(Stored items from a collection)
________________________________________

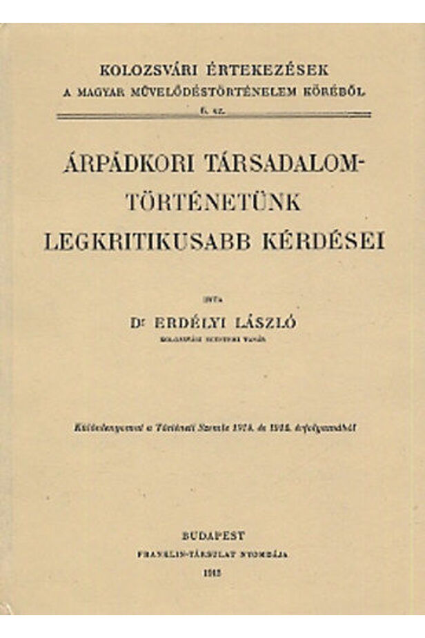 Az eredetileg 1915-ben megjelent tanulmány a kora Árpád-kori társadalom egészét kívánja rendszerbe foglalni. Szerzője az az Erdélyi László, akit többek között szenvedélyes vitázóként tart számon a magyar történetírás. Legemlékezetesebb tudományos pengeváltásainak tárgya a magyar állam középkori történelmének első szakasza, különösen a jellegzetes középkori társadalmi csoportok kialakulásának kérdése volt. Ebbe a híres vitába pillanthat bele az, aki kézbe veszi a jelen kötetet. Az először a Történelmi Szemle hasábjain megjelent tanulmánysorozatból összeállított kötetben lényegében korábbi munkáiban kifejtett nézeteit hangoztatja újra, további okleveles adatokkal megerősítve, valamint a többek között Tagányi Károly, Hóman Bálint és Eckhart Ferenc által kifejtett ellenérveket cáfolva, vitatva. Gondolatainak központi tétele, hogy a korabeli magyar társadalmat csak két alapvető osztályra, szabadokra és szolgákra osztja fel, szemben az összetettebb elképzelésekkel.
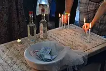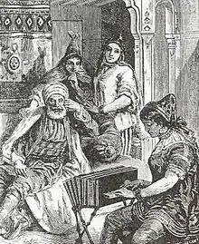 - l'une des légendes fondatrices de la communauté juive de Djerba, retranscrite pour la première fois en 1849[16], raconte que des Cohanim (membres de la classe sacerdotale israélite) se seraient installés dans l'actuelle Tunisie après la destruction du Temple de Salomon par l'empereur Nabuchodonosor II en 586 av. J.-C.[17] ; ils auraient emporté un vestige du Temple détruit, conservé dans la Ghriba de Djerba[18], et en auraient fait un lieu de pèlerinage et de vénération jusqu'à nos jours.
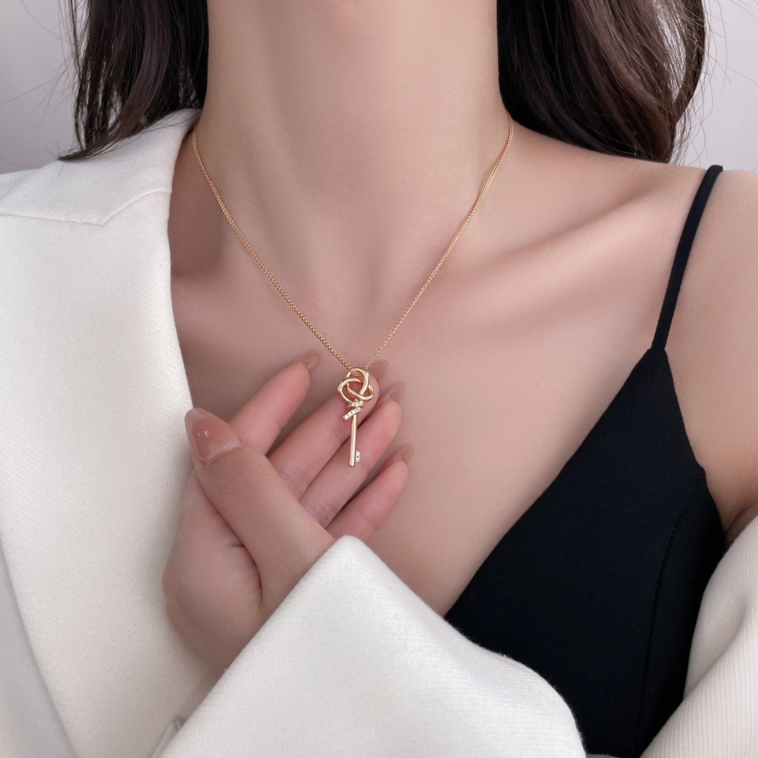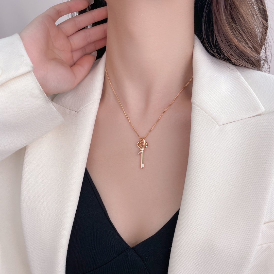 Woven Series Small Diamond Set Key Necklace
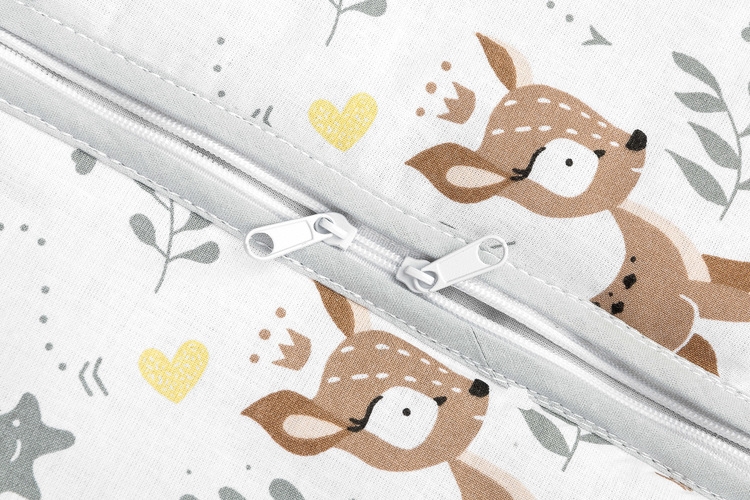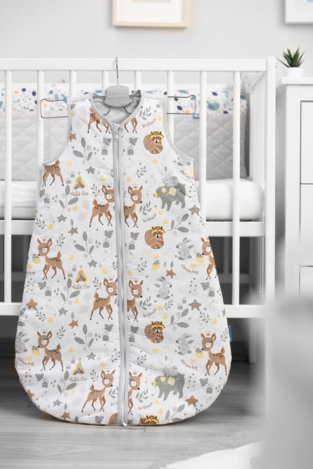 Wykonany jest z miękkiej bawełny wypełnionej otuliną. Nie zawiera twardych elementów, które mogłyby podrażnić skórę dziecka. Śpiworek wyposażony jest w dwustronny zamek błyskawiczny, zabezpieczony przy szyi, pozwalający na zmianę pieluchy bez wyciągania dziecka ze śpiworka. Pasuje do innych produktów naszej marki.
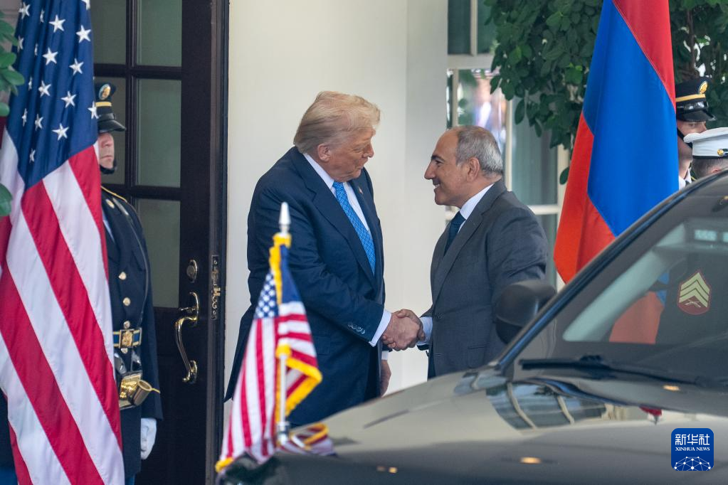8月8日,美国总统特朗普(左)在华盛顿白宫迎接亚美尼亚总理帕什尼扬。新华社记者 胡友松 摄
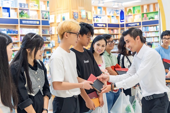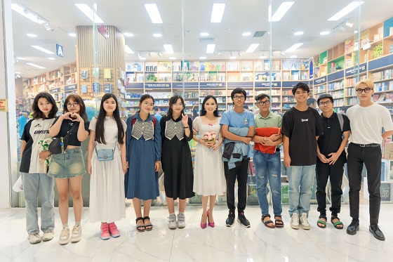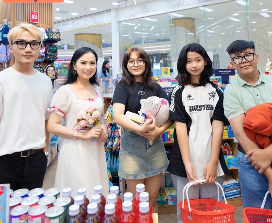 Sau khi cho các bạn nhỏ ăn trưa tại trung tâm thương mại ở quận 2, ca sĩ Hà Phương đã dẫn các bạn vào hiệu sách để các em có thể tự do lựa chọn đồ dùng học tập, sách vở cho năm học sắp đến.
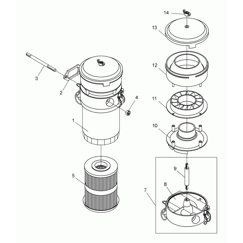 The Air Filter Assembly for the Wacker DFS90 Floor Saw is designed to ensure optimal performance by maintaining clean airflow to the engine. This assembly helps protect the engine from dust and debris, reducing wear and extending the machine's service life. Components include hoses, clamps, and seals, essential for routine maintenance and repair.
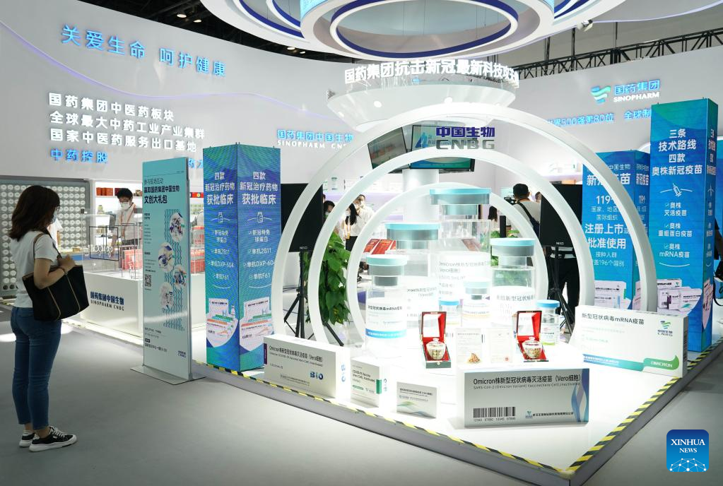 Photo taken on Sept. 1, 2022 shows the booth of Sinopharm during the 2022 China International Fair for Trade in Services (CIFTIS) in Beijing, capital of China, on Sept. 1, 2022. The CIFTIS is held in Beijing from Aug. 31 to Sept. 5. (Xinhua/Ren Chao)
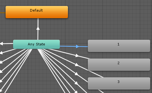 パラメーターの値が変わると、レイヤー内の**トランジッション(白い線)で設定されている**状態遷移の条件にあっているか判定されて、**条件を満たしていれば状態が遷移します**にゃ!
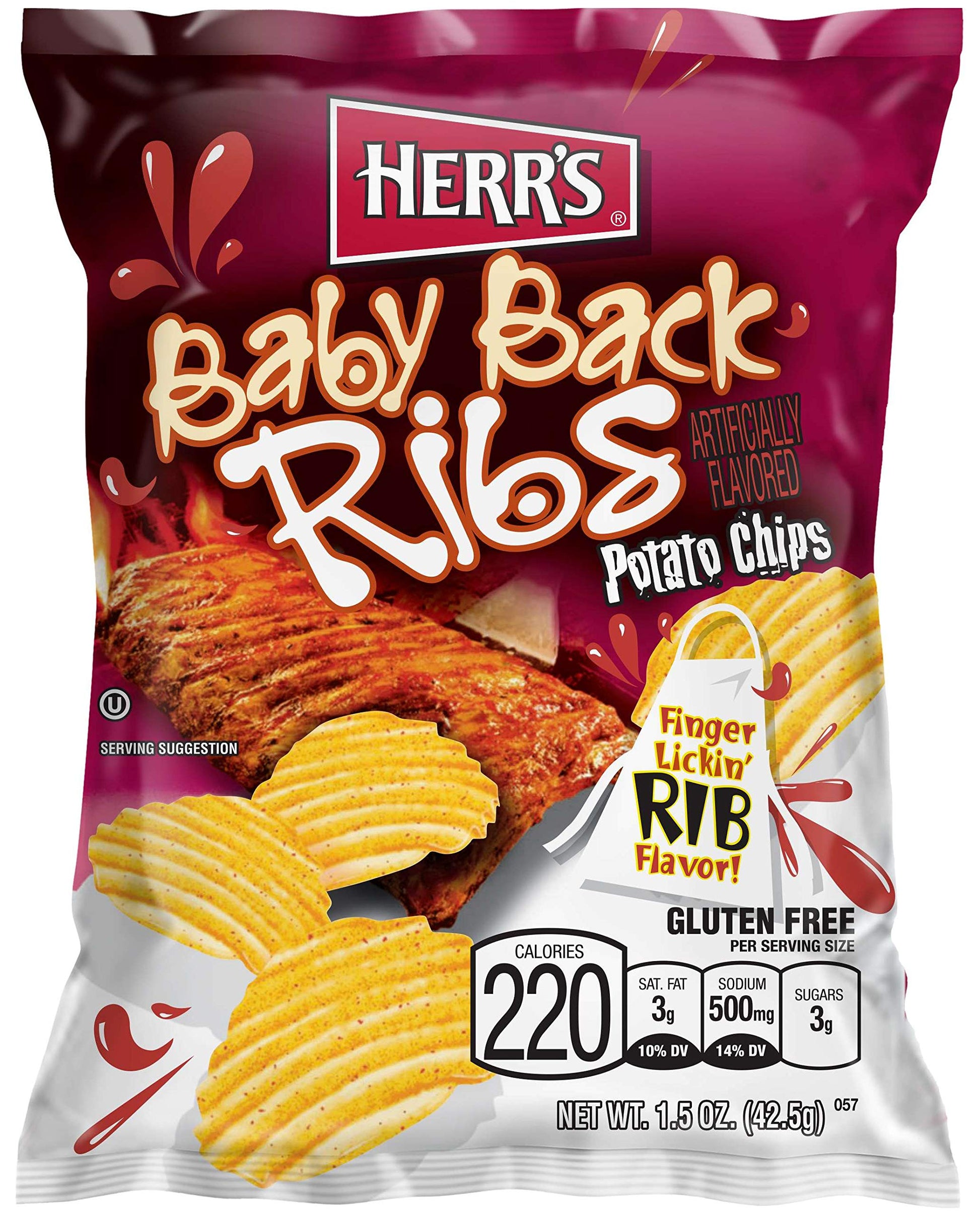 Herr Foods Baby Back Ribs Potato Chips, 1.5 Ounce -- 30 per case.
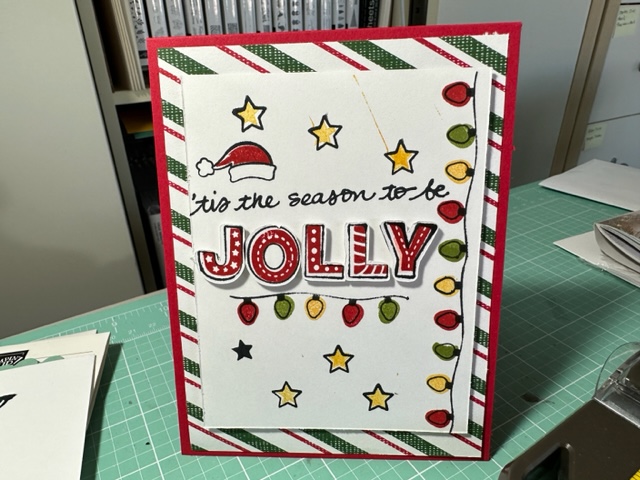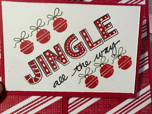 Love, Love, Love this quick and easy Jingle cards. I cased three of them listed above and then created my own versions using the Jingle, Jingle, Jingle stamp set 153438. Such fun card and when you cut out the letter they make aweseome fun cards. Love these and the bright colors. Such happy cards.
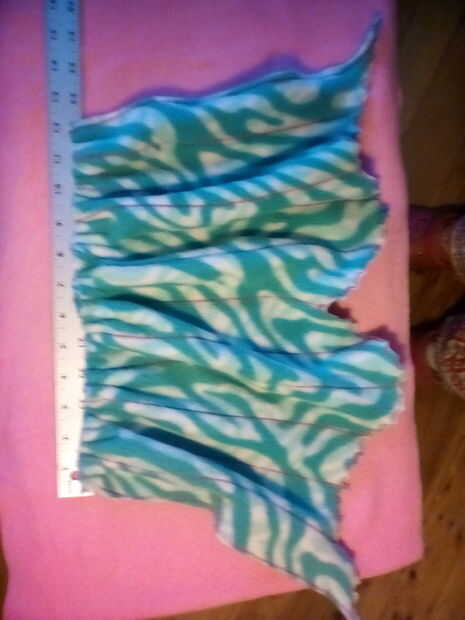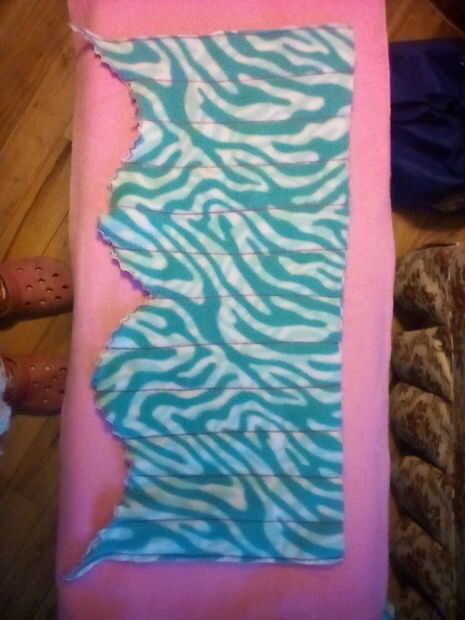 Marca las líneas donde quieras puntadas decorativas en su aleta de cola. Para hacer las líneas en mi aleta de cola que utiliza el más estrecho zig zag la puntada mi máquina hace y simplemente les uniformemente a partir del centro espaciados. Utilicé hilo que emparejado el color 2 para que el contraste aparece, pero de nuevo... licencia artística. ¿Lo que parece mejor a usted? Para ahorrarse algunos angustia por favor practique esto en doble capa de tela de desecho antes de intentarlo en paño grueso y suave. Recuerde, no hay ninguna selección mal puntos con lana o terciopelo!
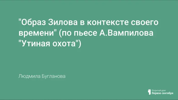 Известному сибирскому драматургу исполняется 75 лет. В пьесе «Утиная охота» А.Вампилов рассматривает основные мотивы духовного кризиса и поиска смысла жизни человека 70-х годов XX века. Драматург дает психологический портрет героя своего времени, обращается к внутреннему миру Зилова и ищет вместе с ним ответы на вечные вопросы: зачем человеку совесть, правда?
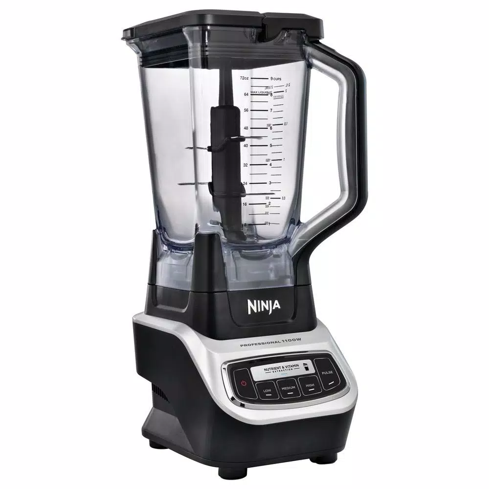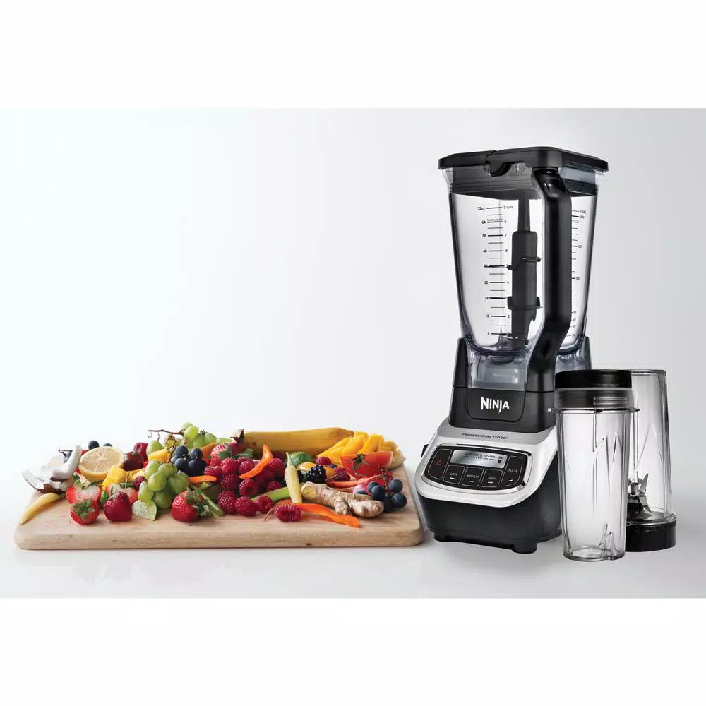 The Ninja Professional Blender and Nutri Ninja Cups has 1100-Watts of professional power and performance. Total Crushing Technology crushes through ice and frozen ingredients in seconds to create creamy frozen drinks. Use the 72 oz. Pitcher for large batches of delicious margaritas and daiquiris. The Nutri Ninja Blade Assembly pulverizes whole fruits and vegetables for Nutrient and Vitamin Extraction. Blend personalized smoothies and juices directly in the 16 oz. Nutri Ninja Cup, attach the lid, and enjoy on the go. 64 oz. max liquid capacity Extract a drink containing vitamins and nutrients from whole fruits and vegetables.
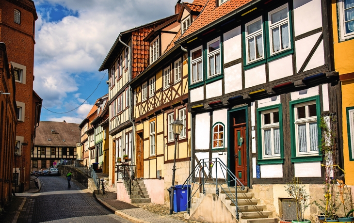 Die Anreise nach Quedlinburg führt Sie über Halberstadt, das "Tor zum Harz". Sie entdecken die Domstadt während einer Stadtführung. Anschließend fahren Sie weiter nach Quedlinburg. Nach dem Check-in im Hotel bietet sich ein erster Spaziergang durch die Fachwerkstadt an.
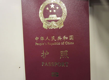 图:电子护照样证,护照下方为嵌入的电子芯片。
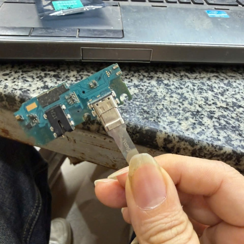 Thao tác chuyên nghiệp: Tool nhấc chân sạc Type-C Mr Yang giúp kỹ thuật viên dễ dàng nhấc hoặc đóng chân sạc vào mainboard một cách chính xác và an toàn.
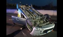 Un'auto condotta da un giovane è finita fuori strada ribaltandosi.
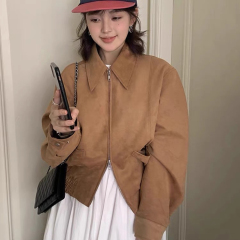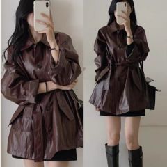 $ 19.70 Sold 102025春裝薄款慵懶風咖色皮衣外套女新款寬鬆皮夾克襯衫韓國外貿
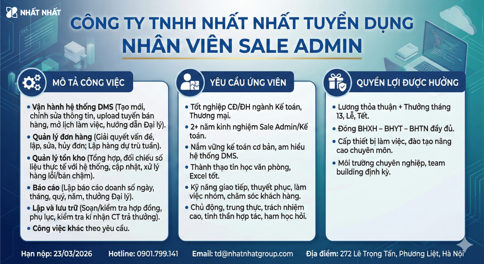 Có ít nhất 2 năm kinh nghiệm làm việc ở vị trí Sale Admin/ kế toán
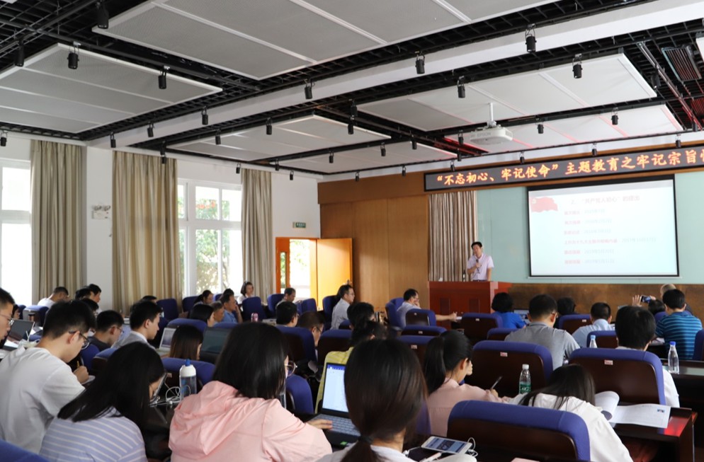 10月15日上午,法学院在B138报告厅举行 “不忘初心、牢记使命”主题教育集中学习活动,本次集中学习的主题是“牢记宗旨性质”。学院党委书记许和山为全院师生代表作题为“共产党人初心的理论源泉、实践价值和时代性”的讲座。讲座由法学院党委副书记郭锦星主持。学校主题学习教育活动第四巡回指导组组长司卓亚,副组长许美霞,院党政领导班子成员出席本次活动。

________________________________________

Could you set down exactly, and only, the lines from the line containing "19.70 Sold 102025春裝薄款慵懶風咖色皮衣外套女新款寬鬆皮夾克襯衫韓國外貿" through the last line of the records, both included, without the pictures?

> _EXERCISE RESULT_
 $ 19.70 Sold 102025春裝薄款慵懶風咖色皮衣外套女新款寬鬆皮夾克襯衫韓國外貿
 Có ít nhất 2 năm kinh nghiệm làm việc ở vị trí Sale Admin/ kế toán
 10月15日上午,法学院在B138报告厅举行 “不忘初心、牢记使命”主题教育集中学习活动,本次集中学习的主题是“牢记宗旨性质”。学院党委书记许和山为全院师生代表作题为“共产党人初心的理论源泉、实践价值和时代性”的讲座。讲座由法学院党委副书记郭锦星主持。学校主题学习教育活动第四巡回指导组组长司卓亚,副组长许美霞,院党政领导班子成员出席本次活动。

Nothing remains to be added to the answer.